Unlike other coatings which need as much as up to seven layers to provide pipelines with corrosive and thermal protection, Neptune requires only two, a fusion-bonded epoxy anti-corrosion coating and an insulation coating made of hybrid polyether thermoset material.

“Market knowledge, chemistry expertise and innovation capabilities of Dow - combined with the application expertise of the coaters with whom we have collaborated - have enabled us to deliver a flow assurance wet insulation solution with the widest temperature range available on the market today,” Ryan added.

Magma Global’s m-pipe to replace steel and un-bonded flexible pipes

Also in the pipeline technology sector, UK-based pipe manufacturer Magma Global this year launched m-pipe, a carbon and polymer pipe for riser and subsea applications. The new technology was announced at the Offshore Technology Conference (OTC) held in Houston, Texas between 30 April and 3 May.
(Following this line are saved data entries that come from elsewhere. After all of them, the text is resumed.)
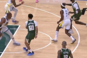 身高相差悬殊!亚历山大篮下护筐!正面血帽祖巴茨扣篮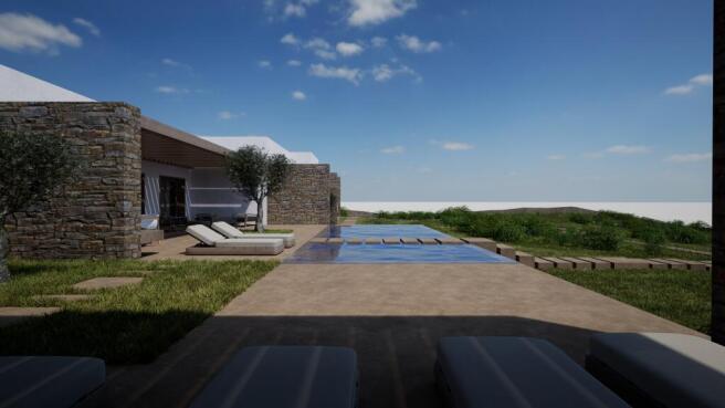 Stepping outside, the expansive terrace reveals a magnificent view of the Aegean Sea, especially during sunset time. Elegant loungers surround the swimming pool, while the dining area and adjacent lounge set the scene for unforgettable evening meals and cocktails. Additional outdoor spots offer the choice between uninterrupted sea vistas or serene landscape views.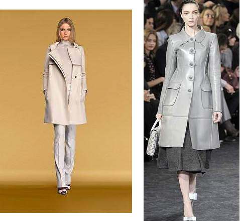 LOUIS VUITTON: un abrigo en piel gris, de corte clásico, con una maxi falda de niña bien que no pensábamos volver a ver tan pronto, pero que nos encanta.
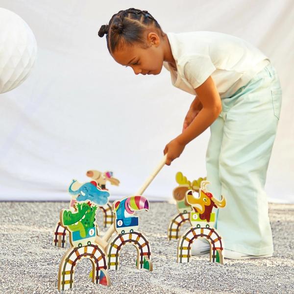 Zvedněte ruce, atrakce právě začíná! Připravte se na vzrušující dobrodružství s touto dřevěnou kroketovou hrou určenou pro děti od 3 let! Tato hra byla navržena tak, aby zajistila mnoho hodin zábavy a smíchu pro 2 nebo více hráčů, a proto obsahuje: 6 barevných kruhů, 2 paličky a 2 dřevěné míčky.Tato dovednostní hra ve stylu lunaparku je zdobena živými, barevnými barvami.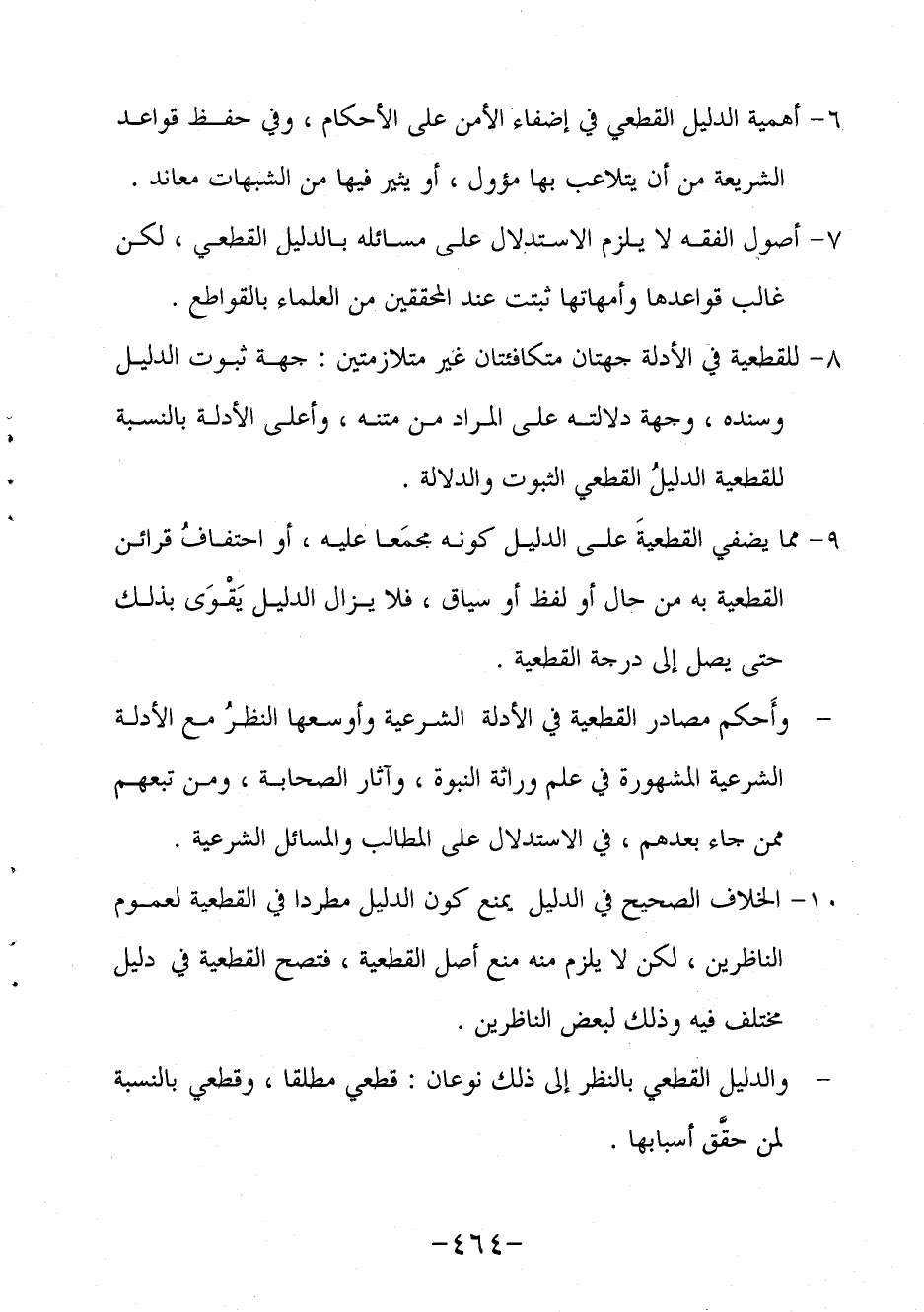 8- للقطعية في الأدلة جهتان متكافئتان غير متلازمتين: جهة ثبوت الدليل وسنده وجهة دلالته على المراد من متنه، وأعلى الأدلة بالنسبة للقطعية الدليلُ القطعي الثبوت والدلالة.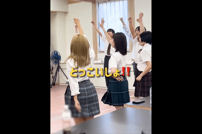 この動画では、撮影の合間に揃ってダンスの練習する生徒役キャストの姿と、山田さんがキレキレのダンスを見せる場面も。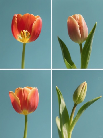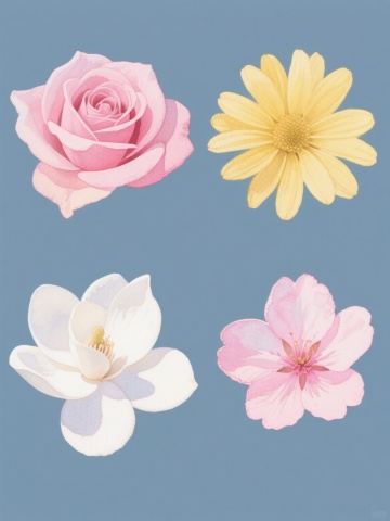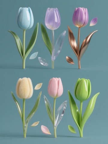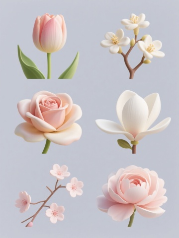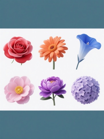 一张具有高设计感的花卉系列素材集合海报,采用与原图一致的超写实主义风格,以纯净的纯色为背景(非白色,变换整体色彩),画面中六个完全不同的花卉元素规整排布,保持原图的元素类目和视觉层级。每个花卉都具有极致细腻的3D质感,花瓣边缘光滑柔和,带有轻微的高光和自然阴影,花蕊细节清晰可见。从左到右、从上到下依次为:一朵粉色山茶花,花瓣层层叠叠,中心点缀着黄色花蕊;一朵红色玫瑰花,花型饱满,边缘微微卷曲;一朵橙色菊花,花瓣呈放射状排列,富有层次感;一朵蓝色牵牛花,呈漏斗状,花茎纤细;一朵紫色牡丹花,雍容华贵,花瓣宽厚;一朵淡紫色绣球花,由许多小花簇拥而成,球形花团紧密饱满。整体设计信息传达效率高,视觉层次分明,符合现代简约的设计美学,适合作为装饰素材使用。

M-pipe is a new technology which meets the needs of operators experiencing issues with steel and un-bonded flexible pipes. It boasts a light weight/high strength performance, according to Magma, as it has 10 per cent of the weight in water of its steel or un-bonded flexible counterparts; a smoother internal surface; a thermal conductivity which is ten times lower than that of steel; and better erosion resistance compared to steel.

M-pipe also has a high fatigue capacity unaffected by sour service, in addition to corrosion resistance to seawater and CO2, as well as a high temperature operation of up to 198°C (390°F).

“[M-pipe’s] weight and high resistance to fatigue and corrosion solve many of the problems that riser designers are currently struggling to accommodate with current steel and flexible solutions,” said 2H Offshore’s principal director Steve Hatton during OTC. “I believe the new technology developed by Magma will reduce risk and installed cost of riser systems - the time has finally come for the use of this type of material in the offshore industry.”

DNV’s X-Stream, a new deepwater pipeline concept

In other pipeline technological news, marine classification society and risk manager DNV announced this year its latest deepwater pipeline concept, X-Stream. X-Stream can reduce both the pipeline wall thickness and time spent on welding and installation compared to current deep-water gas pipelines.

“By further qualifying the X-Stream concept, huge financial savings can be made for long distance, deepwater gas pipelines without compromising pipeline safety and integrity,” said DNV CEO Henrik Madsen, who announced the news at a January press briefing in London.

“Typically, for a gas pipeline in water depths of 2,500m, the wall thickness reduction can be 25 to 30 per cent compared to traditional designs,” DNV said in its written announcement of X-Stream in January.

X-Stream is able to constantly control the pressure differential between the pipeline’s inner and outer pressures, DNV said. According to the firm, this makes it “easier” and “cheaper” to manufacture and install the pipeline.

“By utilising an inverted High Pressure Protection System - i-HIPPS - and inverted Double Block and Bleed valves - i-DBB - the system immediately and effectively isolates the deep-water pipe if the pressure starts to fall,” said DNV global pipeline director Asle Venås at X-Stream's January launch in London.

During the operation, the i-HIPPS and i-DBB systems regulate the pipeline’s internal pressure so as to prevent it from dropping below the collapse pressure.

DNV headed a team of engineers in Rio de Janeiro to develop the X-Stream concept.
The DNV study is still a concept study, and as such a basic and detailed design will need to be carried out before the X-Stream is actually put on wheels, the firm also said.